--- Task to carry out ---
Each line below from the "Our next border" line through the "对比汤加火山喷发前后的卫星数" line, those two included, must be restated word for word; the pictures must not be.

--- Available data ---
________________

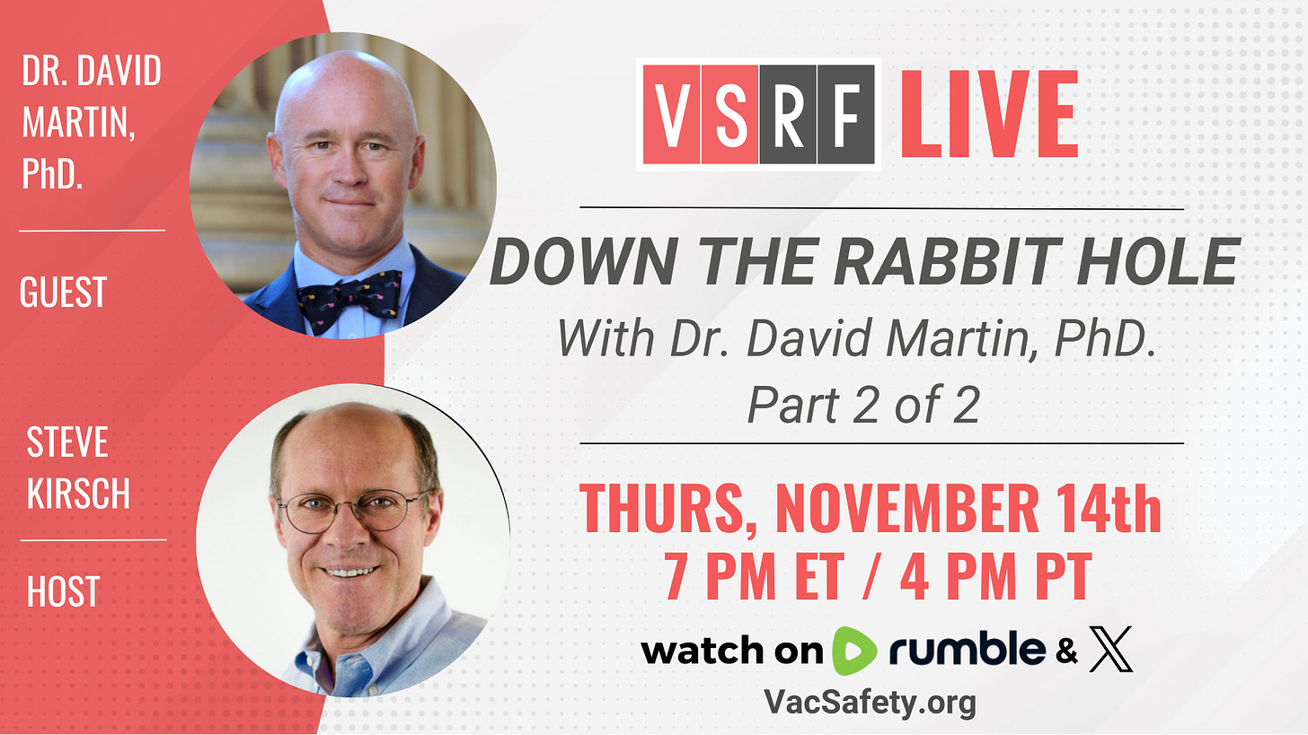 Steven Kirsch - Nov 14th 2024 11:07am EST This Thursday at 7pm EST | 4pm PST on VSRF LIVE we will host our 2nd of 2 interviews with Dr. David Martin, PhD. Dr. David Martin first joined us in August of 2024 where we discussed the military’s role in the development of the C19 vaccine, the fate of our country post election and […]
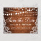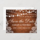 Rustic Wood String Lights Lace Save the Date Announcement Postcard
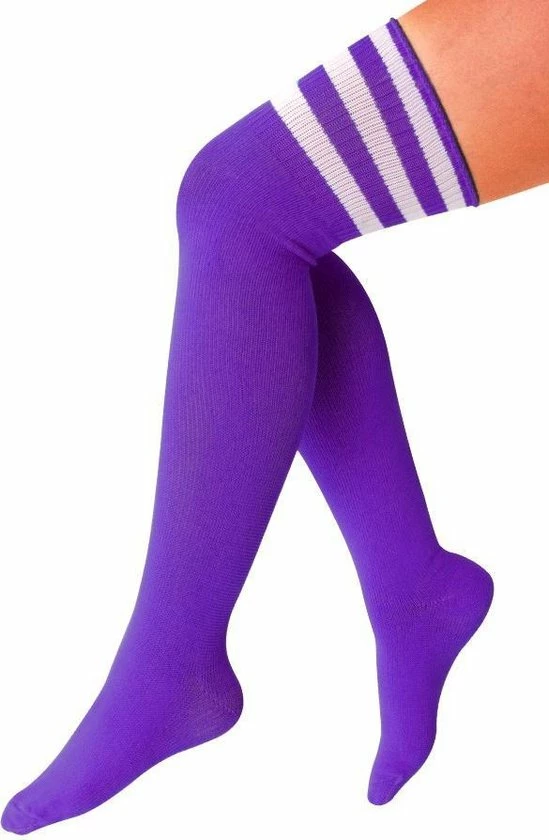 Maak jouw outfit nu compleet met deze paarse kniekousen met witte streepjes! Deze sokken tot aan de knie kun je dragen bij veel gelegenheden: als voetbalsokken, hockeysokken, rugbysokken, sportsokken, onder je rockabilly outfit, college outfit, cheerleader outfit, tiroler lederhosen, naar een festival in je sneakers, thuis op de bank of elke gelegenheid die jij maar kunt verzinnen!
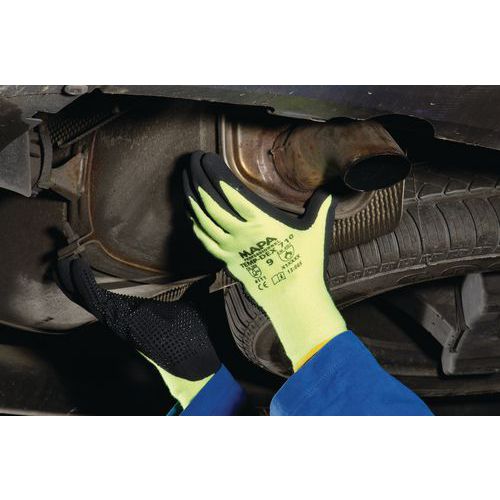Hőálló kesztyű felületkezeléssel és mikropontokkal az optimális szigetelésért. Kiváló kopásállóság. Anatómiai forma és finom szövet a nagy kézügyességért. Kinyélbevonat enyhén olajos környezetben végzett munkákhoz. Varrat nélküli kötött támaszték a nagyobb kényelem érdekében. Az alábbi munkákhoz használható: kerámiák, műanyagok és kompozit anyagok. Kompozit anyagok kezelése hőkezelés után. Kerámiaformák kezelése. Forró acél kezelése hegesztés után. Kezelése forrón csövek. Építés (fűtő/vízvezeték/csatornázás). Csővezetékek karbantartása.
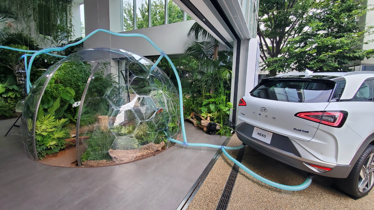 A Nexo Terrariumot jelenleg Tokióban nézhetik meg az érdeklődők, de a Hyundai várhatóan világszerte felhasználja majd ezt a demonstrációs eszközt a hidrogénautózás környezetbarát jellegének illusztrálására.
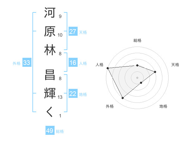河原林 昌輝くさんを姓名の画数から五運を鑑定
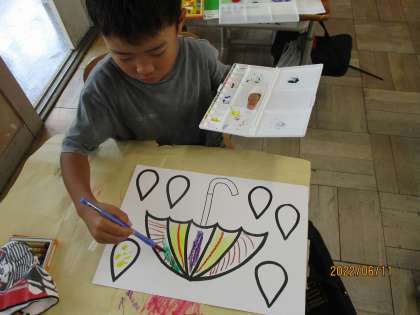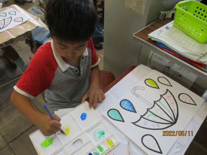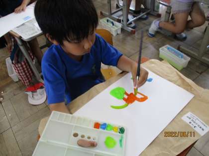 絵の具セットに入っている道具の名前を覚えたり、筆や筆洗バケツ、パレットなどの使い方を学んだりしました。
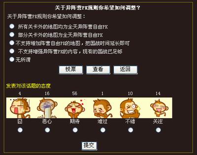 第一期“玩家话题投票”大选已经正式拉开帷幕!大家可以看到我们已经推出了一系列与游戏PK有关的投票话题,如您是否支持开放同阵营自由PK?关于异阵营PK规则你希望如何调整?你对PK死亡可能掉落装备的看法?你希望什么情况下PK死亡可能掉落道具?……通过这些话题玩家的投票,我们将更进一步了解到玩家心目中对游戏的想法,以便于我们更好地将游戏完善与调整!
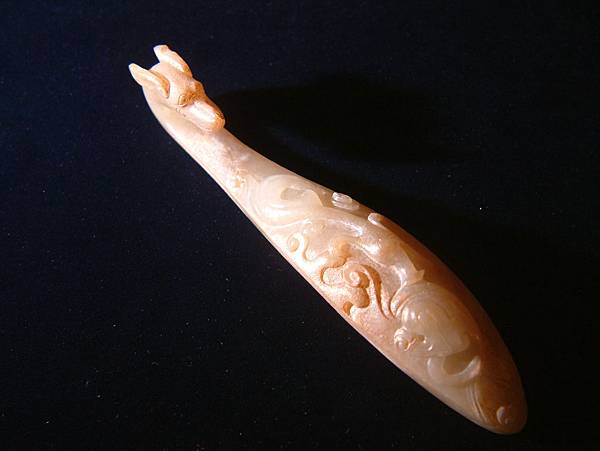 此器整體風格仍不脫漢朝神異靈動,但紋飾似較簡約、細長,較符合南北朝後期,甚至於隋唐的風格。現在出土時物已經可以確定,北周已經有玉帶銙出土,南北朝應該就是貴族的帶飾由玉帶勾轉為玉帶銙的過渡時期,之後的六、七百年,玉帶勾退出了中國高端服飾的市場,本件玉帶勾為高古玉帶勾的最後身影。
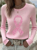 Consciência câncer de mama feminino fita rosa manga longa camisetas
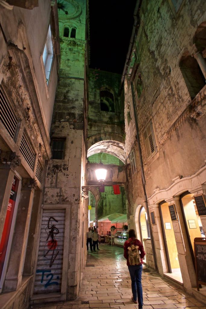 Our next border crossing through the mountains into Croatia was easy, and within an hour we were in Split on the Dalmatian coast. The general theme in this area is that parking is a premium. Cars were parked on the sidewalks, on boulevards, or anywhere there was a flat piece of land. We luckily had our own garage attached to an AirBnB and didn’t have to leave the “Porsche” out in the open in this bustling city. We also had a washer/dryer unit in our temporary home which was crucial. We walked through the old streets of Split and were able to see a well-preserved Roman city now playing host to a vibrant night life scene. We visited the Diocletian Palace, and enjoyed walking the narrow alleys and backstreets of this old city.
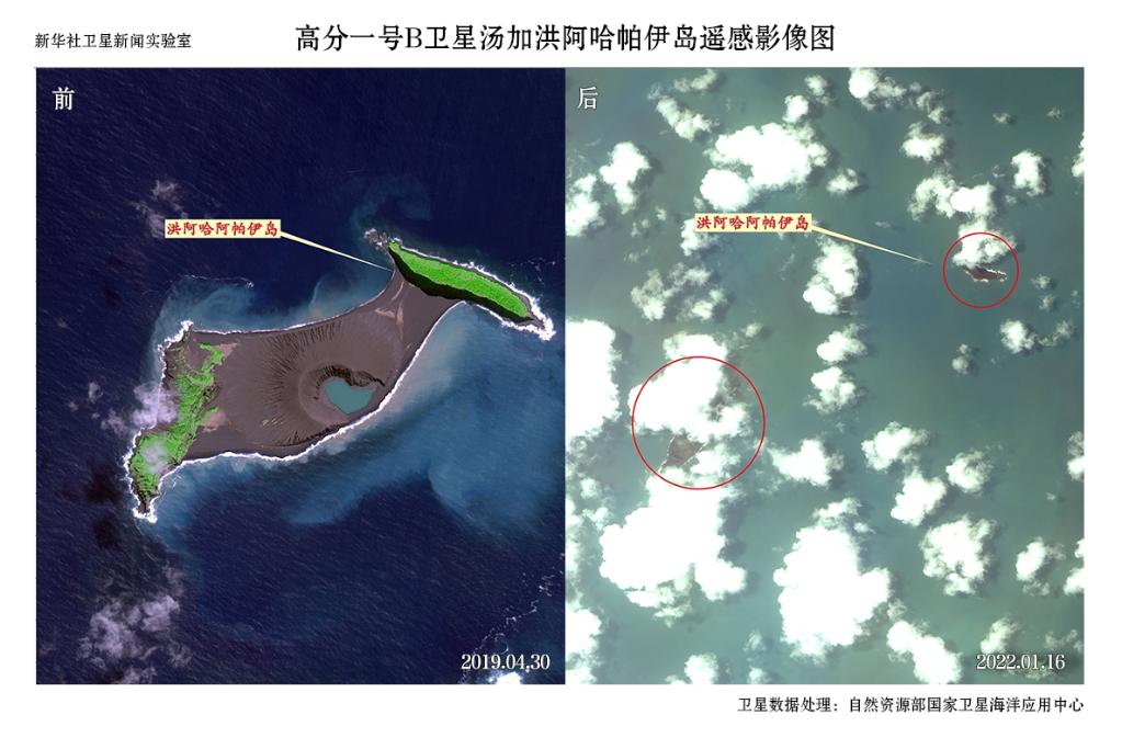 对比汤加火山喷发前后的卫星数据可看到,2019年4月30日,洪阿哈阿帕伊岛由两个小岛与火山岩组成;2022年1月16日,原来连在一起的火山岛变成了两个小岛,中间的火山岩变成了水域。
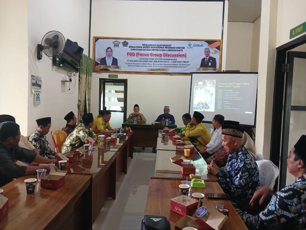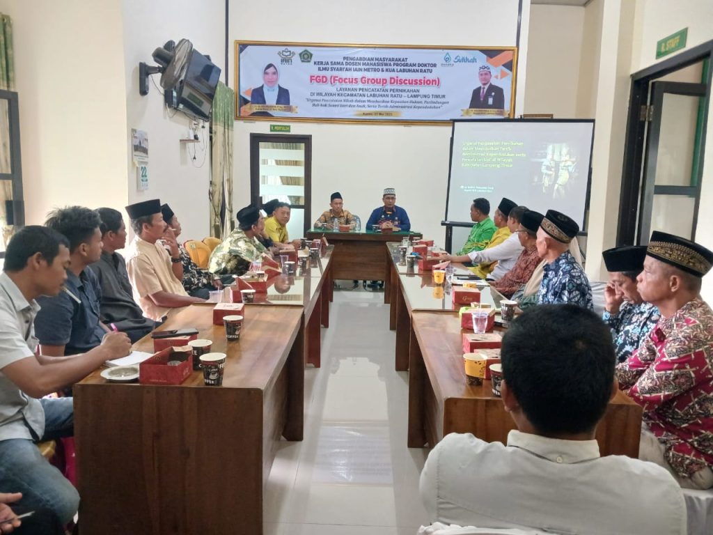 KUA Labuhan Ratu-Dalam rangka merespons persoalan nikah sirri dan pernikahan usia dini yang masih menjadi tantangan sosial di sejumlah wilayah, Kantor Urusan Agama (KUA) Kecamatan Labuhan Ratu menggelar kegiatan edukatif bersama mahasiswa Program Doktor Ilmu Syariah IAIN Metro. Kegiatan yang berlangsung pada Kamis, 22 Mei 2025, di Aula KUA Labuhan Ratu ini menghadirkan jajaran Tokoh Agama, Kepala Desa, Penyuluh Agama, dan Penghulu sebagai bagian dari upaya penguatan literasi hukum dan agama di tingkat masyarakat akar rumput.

________________

--- Result below ---
 Our next border crossing through the mountains into Croatia was easy, and within an hour we were in Split on the Dalmatian coast. The general theme in this area is that parking is a premium. Cars were parked on the sidewalks, on boulevards, or anywhere there was a flat piece of land. We luckily had our own garage attached to an AirBnB and didn’t have to leave the “Porsche” out in the open in this bustling city. We also had a washer/dryer unit in our temporary home which was crucial. We walked through the old streets of Split and were able to see a well-preserved Roman city now playing host to a vibrant night life scene. We visited the Diocletian Palace, and enjoyed walking the narrow alleys and backstreets of this old city.
 对比汤加火山喷发前后的卫星数据可看到,2019年4月30日,洪阿哈阿帕伊岛由两个小岛与火山岩组成;2022年1月16日,原来连在一起的火山岛变成了两个小岛,中间的火山岩变成了水域。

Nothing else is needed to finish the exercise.